A customer wearing a protective mask walks into a Chipotle Mexican Grill Inc. restaurant in San Francisco, California. .
David Paul Morris | Bloomberg | Getty Images
The Chipotle Mexican Grill reported on Tuesday that its sales at the same store increased more than 5% in the last quarter, fueled by more digital orders and the return of carne asada.
Citing the uncertainty caused by the coronavirus pandemic, the company declined to provide a forecast for same-store sales growth in fiscal year 2021, but said it expects a strong first quarter.
Shares of Chipotle fell 3.8% on prolonged trading. The stock hit an all-time high of $ 1,553.55 during trading on Tuesday.

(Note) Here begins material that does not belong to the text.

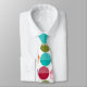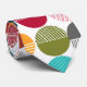 Cette cravate a un design moderne du milieu du siècle de demi-cercles rayés et de demi-cercles solides assemblés sur un champ de blanc.
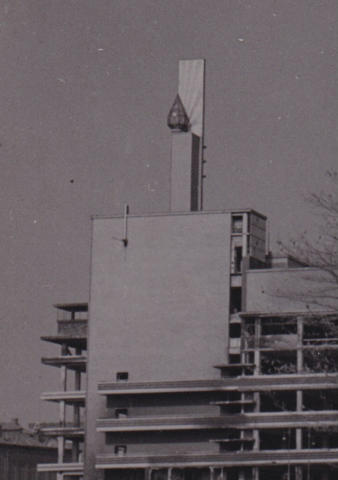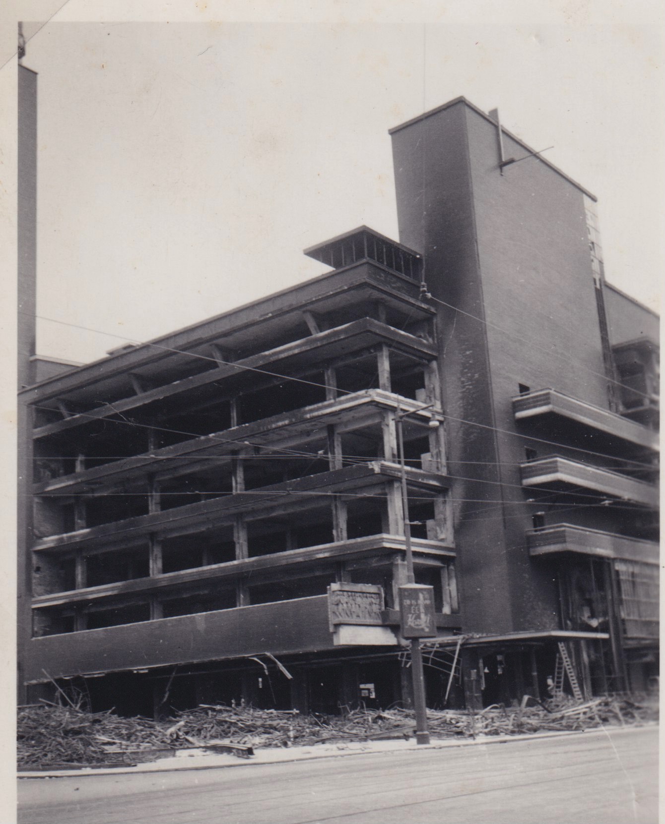deze opname blijft een groot raadsel voor me. De stralenkrans achter de lamp wijst de goede kant op, naar rechts, dus de opname is niet spiegelbeeldig. De lamp stond op een lange smalle toren, met er recht achter een dun vormgegeven plaat, maar die toren wordt op het zp-tje afgedekt. Ik heb zeker 200 opnamen van de gebombardeerde Bijenkorf, maar geen één die me verder helpt.

Here’s what the company reported for the quarter ended December 31 compared to what Wall Street was expecting, based on a survey by analysts from Refinitiv:
- Earnings per share: $ 3.48, adjusted, compared to $ 3.73 expected
- Revenue: $ 1.61 billion versus $ 1.61 billion expected
Chipotle reported fourth-quarter net income of $ 190.9 million, or $ 6.69 per share, compared to $ 72.4 million, or $ 2.55 per share, a year earlier. The company recorded a tax benefit of $ 3.77 per share for the quarter.
Excluding a tax benefit, corporate restructuring expenses and other items, Chipotle earned 3.48 cents per share, missing the $ 3.73 per share expected by analysts interviewed by Refinitiv.
Net sales increased 11.6% to $ 1.61 billion, meeting expectations.
Sales in the same store increased by 5.7%. The return of its carne asada in September spurred demand. CEO Brian Niccol said the steak is expected to stay until March.
Additionally, digital sales nearly tripled, up 177% from the same period a year ago, and accounted for nearly half of the company’s quarterly revenue. Online sales increased 216% in Chipotle’s second quarter and 202% in third.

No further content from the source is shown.